Whishaw is a very good actor, and if other stars could have pulled the role off, he has the qualities that minimize the movie’s contrivances and make Joseph worth watching. The movie is effective almost despite itself. Things that could very well be more rote, such its view of his parents — his depressive, worrywort mother (played by a very good Ellie Haddington) and stubborn, irascible, son-of-a-bitch father (Ian Gelder, also good) — are a little more intriguing than they might have been in a different movie. It’s too easy for movies to give us these scenes, these quick tours of the fucked-up antihero’s emotional genetics, and ask us to do the quick math and say, “Ah, so that’s why he is.” But these scenes and others are oddly riveting. Watching Joseph’s father try to hook up a washing machine, refusing help, while everyone else just stands around — frustrated, but quiet about it — gains power from being so emotionally legible. They’re waiting around on this stubborn man and, well, so are we. 

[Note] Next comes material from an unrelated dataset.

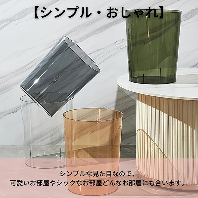 商品名:Modest Joy ゴミ箱 丸形 透明 耐久性 屋外 おしゃれ スリム 10L 19cm × 21.5cm グレー
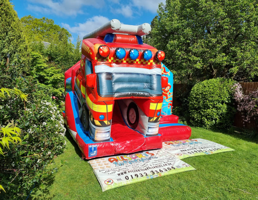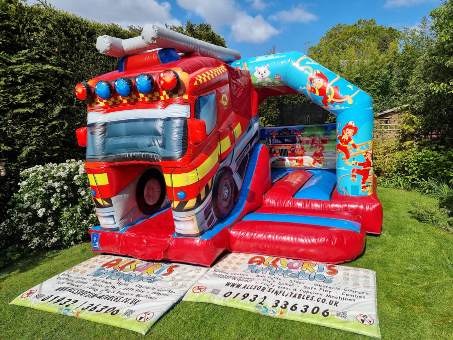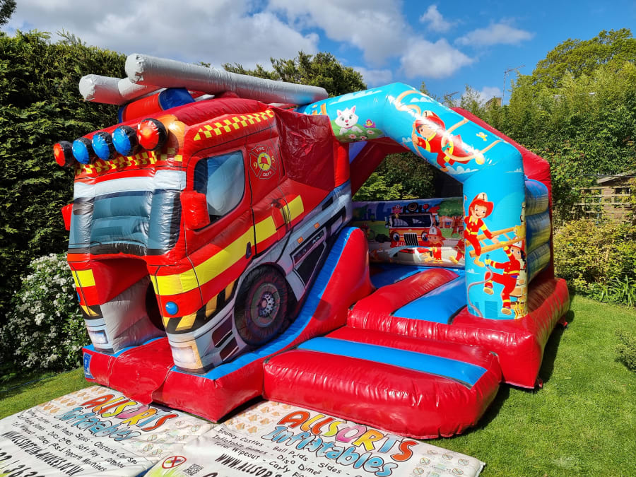 Awesome fireman themed bouncy castle with slide now available to hire and the first of its kind in the UK

The chemistry of it all, with Whishaw as the anchor, makes for a good movie, not a great one. But the intensity of Surge’s scattered, myopic realism isn’t for naught. Even with its familiar visual and dramatic approach — the extent to which we are firmly, subjectively pushed into Joseph’s world and made to tumble around for a while amid his unpredictable behaviors — the movie packs an odd little punch. In the end, I wasn’t sure that I totally bought it. I also wasn’t sure that this really mattered.